Sensory analysis reveals that while flavors are crucial for the acceptance of a new beverage, precise information on nutritional value plays an equally important role in product development. Consumers increasingly seek beverages with appealing taste profiles and precise, reliable nutritional benefits. This dual focus ensures that new products meet sensory preferences and health-conscious demands, enhancing their overall market appeal and potential for success.

4. Conclusions

The study demonstrated the potential of grape pomace (GP), a by-product of grape juice production, as a valuable raw material for enhancing the bioactive properties of craft beers.

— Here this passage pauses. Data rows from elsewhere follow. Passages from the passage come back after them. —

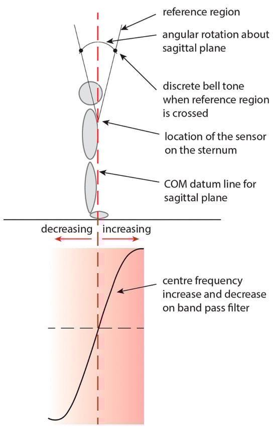 The auditory feedback used in this study combined continuous and discrete tones to indicate the participant’s balance state. The discrete tone was a bell sound triggered by the participant rotating outside the reference region, as illustrated at the top of Figure 3. The reference region was based on a 5% rotational deviation on either side of the reference datum collected in the calibration process. The continuous tones were shifted via an increase or decrease in the center frequency of a bandpass filter over a selection of tuned oscillators. The auditory effect was to brighten the tones as the rotation increased away from the reference region or, conversely, dull these tones as the rotation decreased in the region through the sagittal plane of movement, as shown in the lower half of Figure 3.
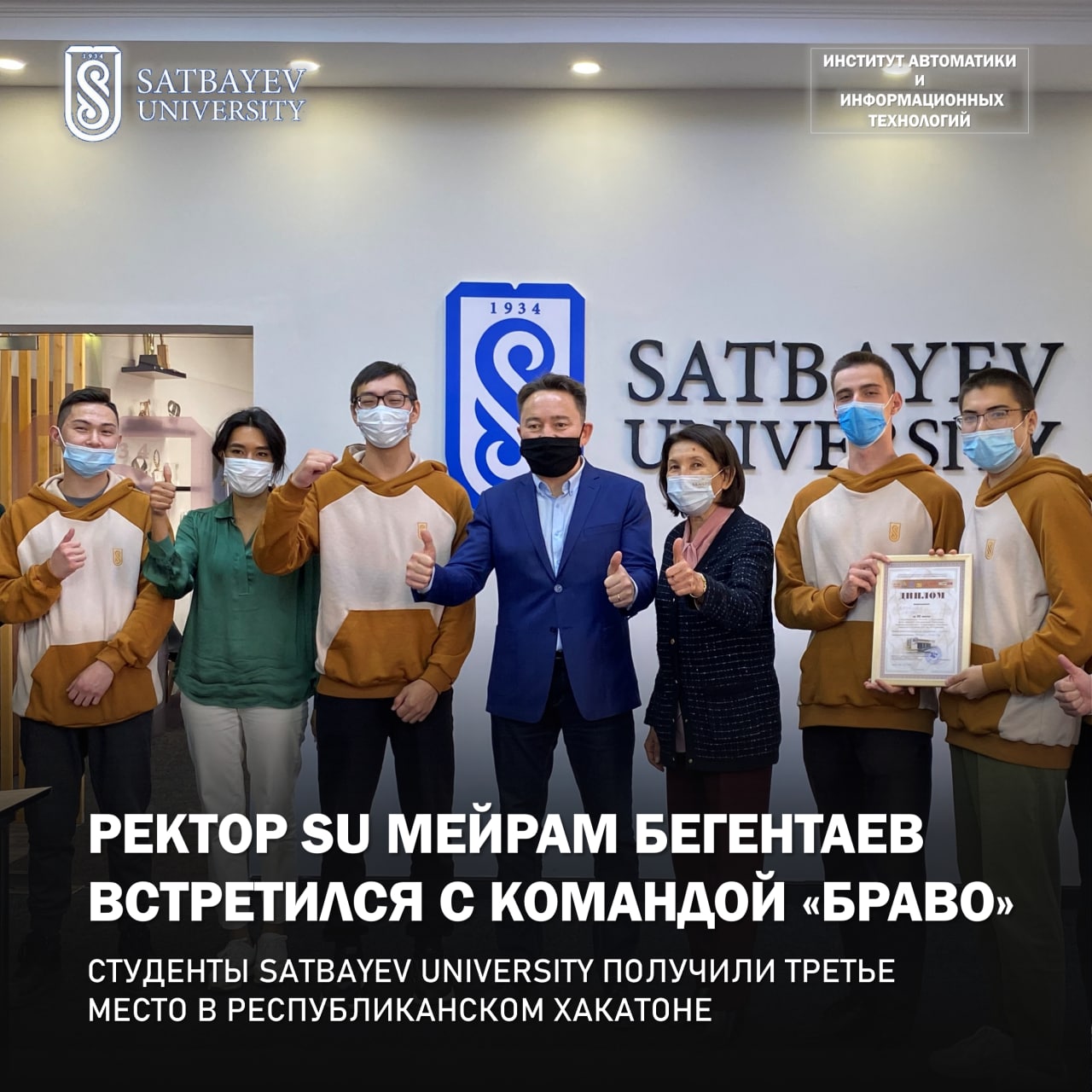 Сегодня с ними встретился ректор Satbayev University - Мейрам Мухаметрахимович Бегентаев. Ректор выразил благодарность команде за успешное выступление от имени университета и пожелал ребятам профессионального развития и роста в сфере IT. Команда «Браво» поблагодарили ректора - Бегентаева Мейрама Мухаметрахимовича и директора ИАиИТ - Ускенбаеву Раису Кабиевну за оказанную поддержку в развитии команды.
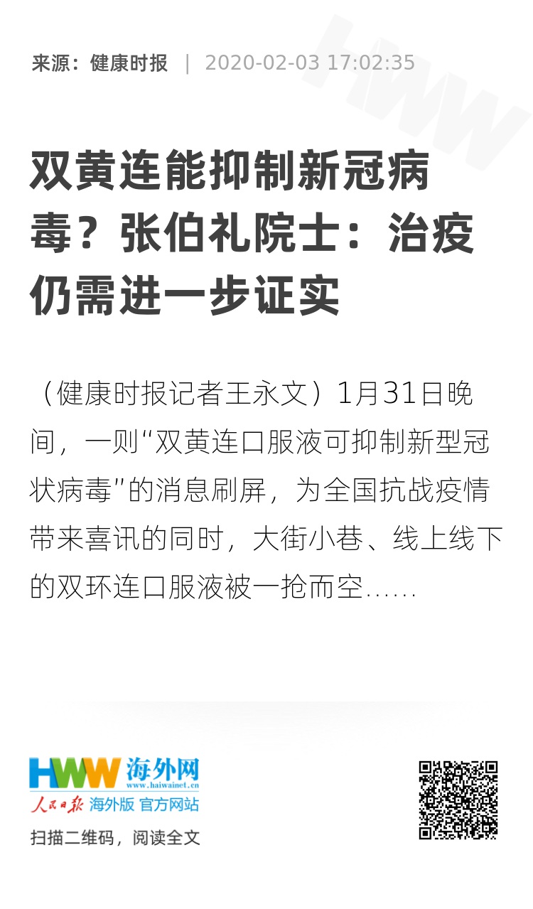 (健康时报记者王永文)1月31日晚间,一则“双黄连口服液可抑制新型冠状病毒”的消息刷屏,为全国抗战疫情带来喜讯的同时,大街小巷、线上线下的双环连口服液被一抢而空!但随之而来的一边是普通民众抢不到该药物的心理恐慌,另一边是精英大众的普遍质疑,双黄连系列药物对新型冠状病毒究竟有无疗效?
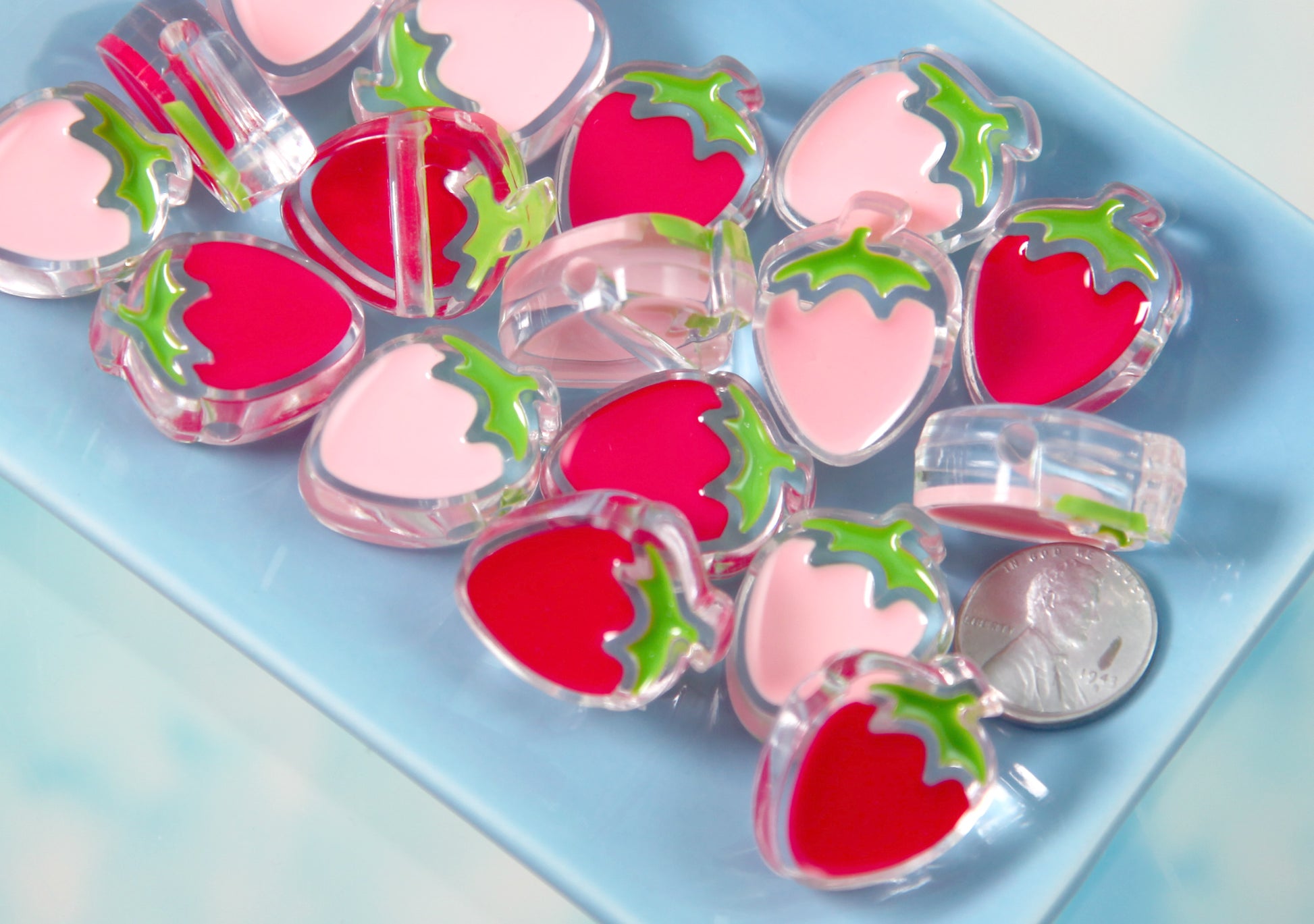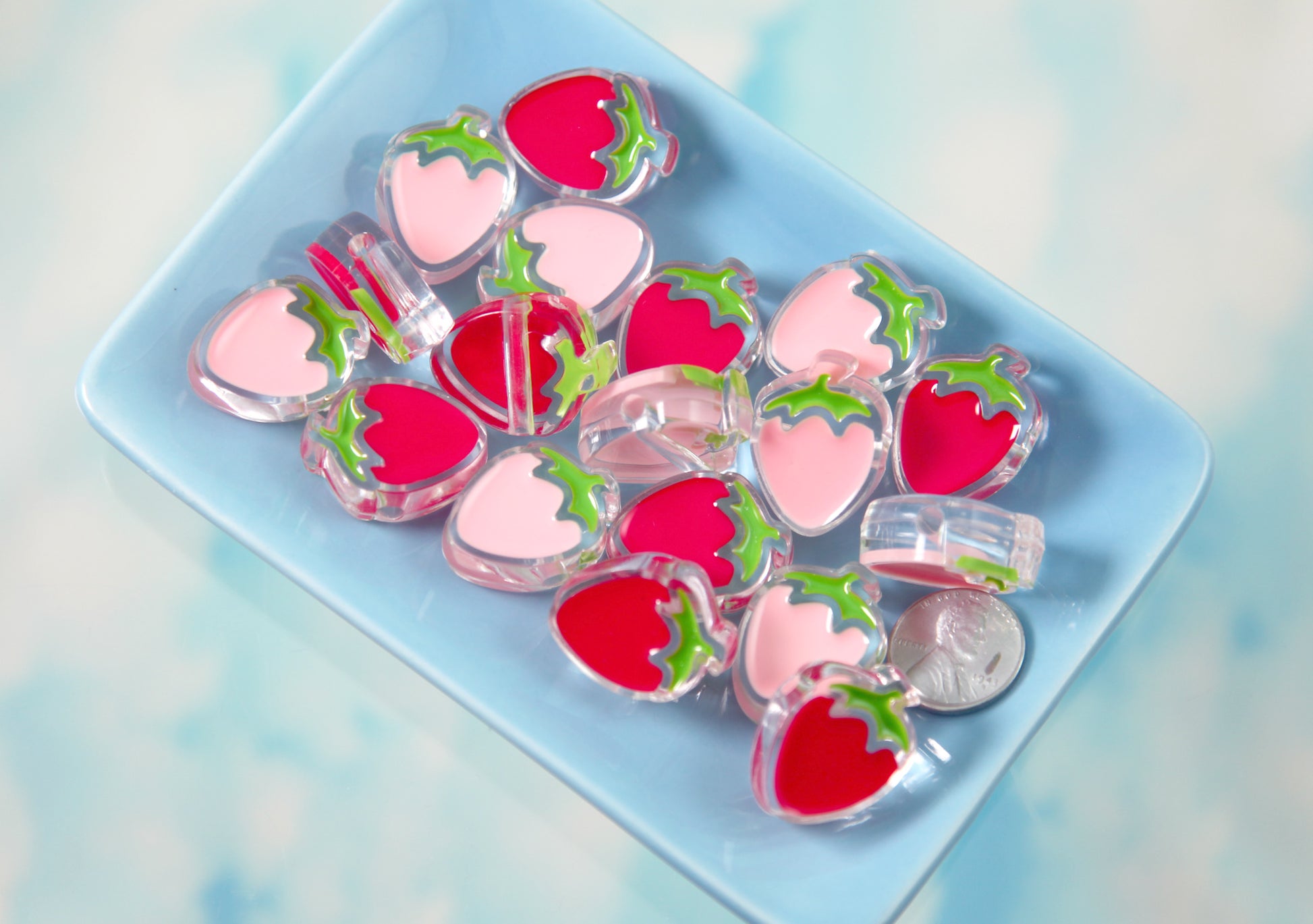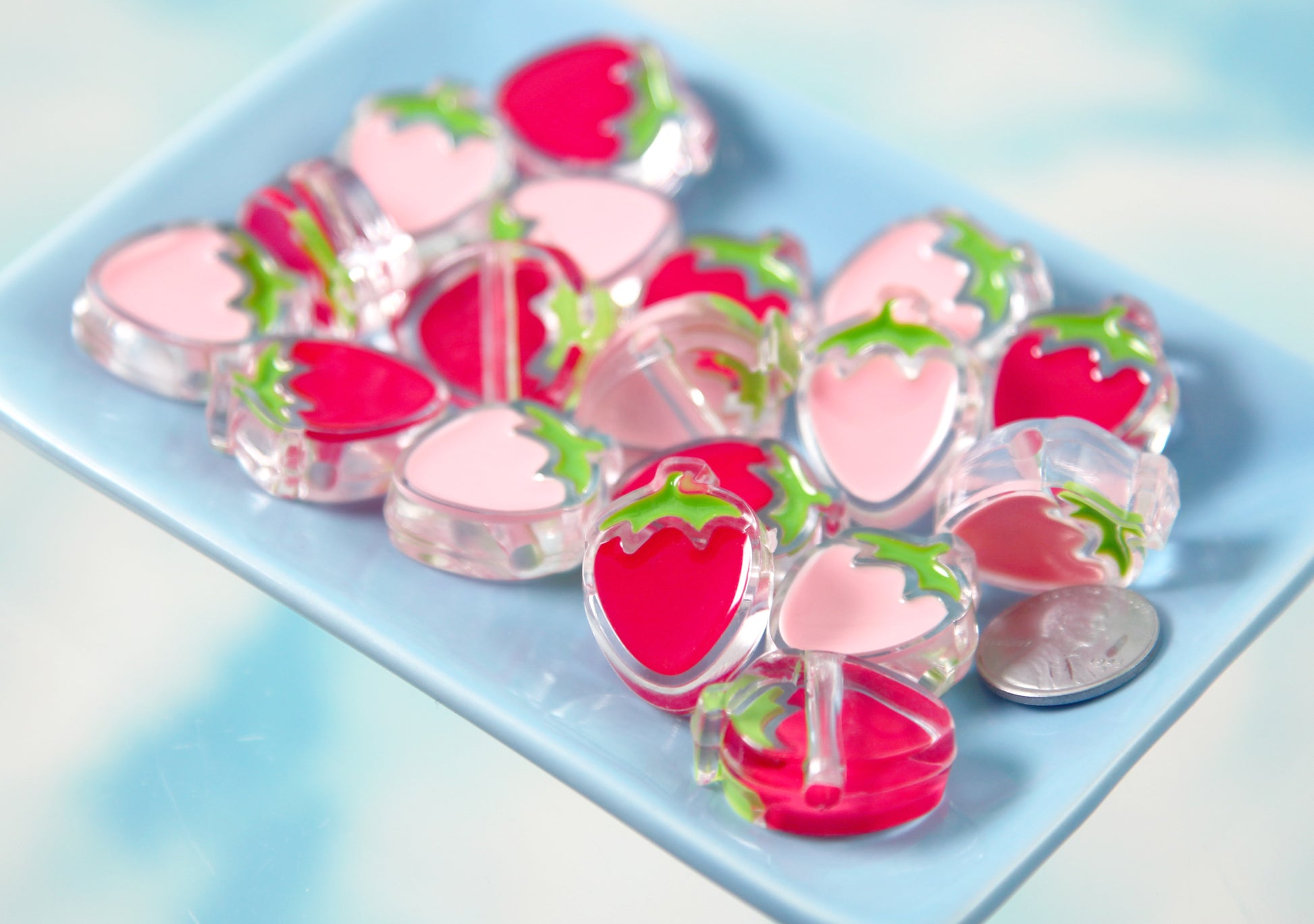Strawberry Beads - 26mm Strawberry Transparent Acrylic or Resin Beads - 8 pc set
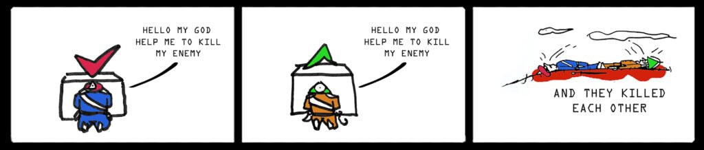 Two soldiers from enemy nations each turn to their god in their respective places of worship, praying for divine help to kill the enemy. Their gods grant these requests.
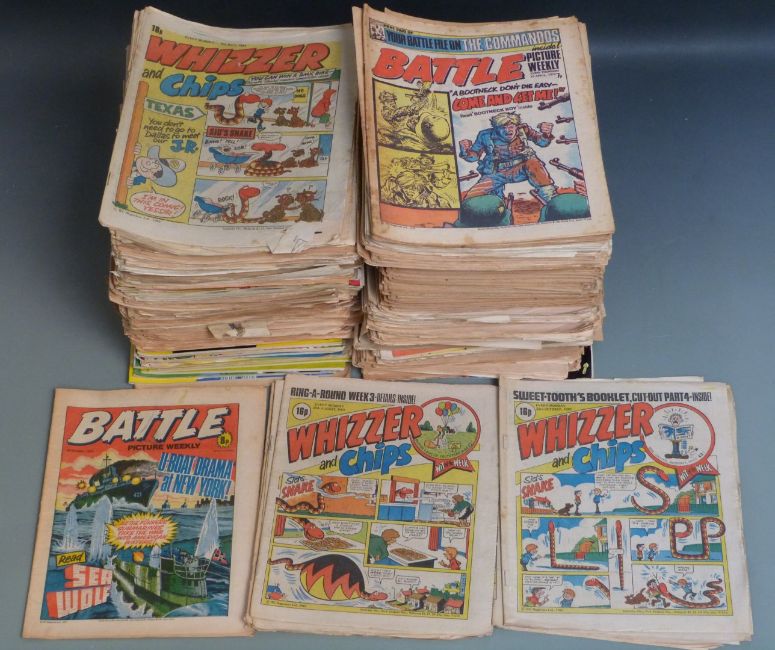 Approximately 250 Fleetway and IPC comic books/ magazines including Whizzer and Chips, Battle Picture Weekly, Whooper etc, mainly 1970's and 1980's.

Incorporating GP at 1%, 5%, and 10% (w/w) during the fermentation stage resulted in beers with higher levels of phenolic compounds, flavonoids, anthocyanins, and antioxidants, particularly at the 10% GP concentration. These bioactive compounds contribute to the health-promoting properties of the beers. Additionally, adding GP influenced the color characteristics of the beers, reducing brightness and enhancing color intensity.

Despite the benefits, increased sedimentation was observed due to GP’s higher particulate matter content. Sensory analysis revealed distinct emotional profiles associated with different GP concentrations in the beers, although participants did not significantly change their emotional responses based on information about the beneficial effects. Furthermore, participants prioritized nutritional information over sustainability considerations, suggesting a need for clear communication of the health benefits of such bioactive ingredients.

Overall, the utilization of GP in craft beer production is a promising strategy for enhancing the nutritional and sensory qualities of the beverage while also providing a sustainable solution for the disposal of grape juice by-products. This approach adds value to the final product and aligns with sustainable food production practices. Despite this, further studies are needed to investigate the production of beer with the addition of purple grape pomace on a larger scale, aiming to assess the technical and economic viability and the evaluation of shelf life.